The book’s weaknesses also stem from the fact that it is a collection of essays written over a decade by nine different people. As a result, basic foundational issues, like the definition of academic freedom, never get addressed. Nor is there consideration of the relationship between the First Amendment and principles of academic freedom. Are they the same, with the former protecting the latter in state institutions, or are they different? What are the relevant differences, if any, between the speech rights of teachers and the speech rights of students? What role should the courts play in adjudicating these disputes? How much deference should the judiciary give to colleges and universities? Is academic freedom different in varying kinds of institutions, such as in church-related schools?

None of these questions, of course, has straightforward answers, but all are important in assessing the issues posed by the book. Unfortunately, there is little consideration of these basic questions in the essays.

Underlying the book’s essays is the issue of tolerance. Must universities tolerate speech that they dislike? Must they even tolerate speech that advocates intolerance?
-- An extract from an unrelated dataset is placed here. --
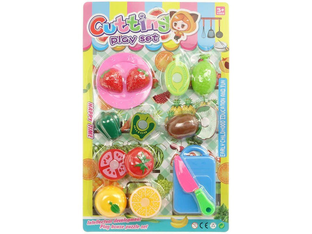 Obsah balení: nůž, prkýnko, talířek, paprika, rajče, citrón, kiwi, jahoda, chlebovník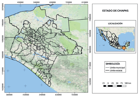 El estado de Chiapas se encuentra situado en el sureste de la República Mexicana, ocupando una superficie de 73 611 km2, lo que constituye 3.7% de la superficie nacional (Fig. 1). Chiapas, con su topografía accidentada, variedad de climas e intervalo altitudinal, es poseedor de una de las más grandes riquezas biológicas de México. Su riqueza florística incluye cerca de 10 000 especies de plantas vasculares, la cual es solo superada en México por la de Oaxaca (Comisión Nacional para el Conocimiento y Uso de la Biodiversidad [Conabio], 2013). A su vez, el estado cuenta con grandes extensiones de selvas altas perennifolias (633503 ha), bosques mesófilos (231 777 ha) y manglares (43602 ha), los cuales acumulan altas cantidades de carbono tanto en su biomasa como en el suelo (Semahn, 2017).

In his essay, Bollinger writes: "The critical problem with the recommendation of self-doubt, or of any acceptance of multiple truths and of pluralism, is that it must end somehow. Yet exactly where the perspective or disposition of self-doubt and pluralism appropriately ends and what we might call reasonable commitment to belief begins is not easy to identify." It is exactly this point that defines what universities may regulate. The book does not address this issue nearly thoroughly enough.

Still, the book is an interesting discussion of various aspects of academic freedom and its relationship to freedom of speech on campuses. A half century after the McCarthy era, it is important that those experiences be recounted for a new generation that has no personal memories of what transpired. It is too easy to take academic freedom for granted and too easy to forget the powerful urge that institutions have to silence speakers whose message they dislike. The University of Michigan lecture series and this collection of essays is valuable because it encourages the reader to confront these issues and to think again about the fragile nature of academic freedom and intellectual discourse.

Erwin Chemerinsky is Sydney M. Irmas Professor of Public Interest Law, Legal Ethics, and Political Science at the University of Southern California.